Cloudflare vs Akamai for DDoS: Which handles volumetric attacks better?
We've been running Cloudflare Magic Transit for ~8 months now, handling ~2.3 Tbps peak traffic. Recently got hit with a UDP flood (850 Gbps) and it mitigated fine, but latency spiked to 45ms for 12 seconds.
Considering Akamai Prolexic as backup since we're seeing more sophisticated attacks lately. Has anyone here switched between the two? Curious about:
- Detection speed on L3/L4 attacks
- BGP hijacking vs anycast differences
- Cost scaling above 1 Tbps
- Real uptime %s during sustained attacks
Our traffic is mostly game servers + API endpoints, so we need sub-10ms response times. Thoughts?

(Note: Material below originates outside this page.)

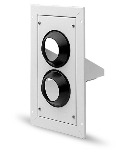 Опора для заведенения труб забора воздуха и отвода продуктов сгорания в единную вертикальную шахту. Устанавливается на стену и имеет 2 дополнительных съемных кронштейна. Является сборным изделием. Основное назначение - фиксация двух труб диаметром 80 мм и уплотнение точки их входа в единую вертикальную шахту. Центральная является съемной и установлена на 4 болтах для того чтобы в случае необходимости можно было проинспеткировать точку входа труб в вертикальную шахту.

Edited at 26 Mar 2026, 00:06
Akamai's detection is ~2-3s faster on volumetric L3/L4 stuff, but honestly at 850 Gbps the difference is marginal—both are sub-second for actual mitigation. The bigger issue: Akamai's anycast is more distributed globally, so you might see lower latency variance during attacks vs CF's more centralized scrubbing centers. That 45ms spike you hit is actually pretty normal for CF during peak mitigation. Cost-wise, Akamai gets brutal above 1 Tbps; they bill differently and have minimum commitments. Consider running them in parallel rather than as backup—dual-layer DDoS is worth it at your scale, and you can failover via BGP prefix policies. Check if your upstream provider supports simultaneous Prolexic + Magic Transit routing.
Good point on the detection speed—yeah, sub-second mitigation is what really matters at that scale. The 45ms spike during the 850 Gbps hit has me worried though. Are you saying Akamai's anycast tends to handle those spikes better, or is it more about having redundancy with a secondary provider?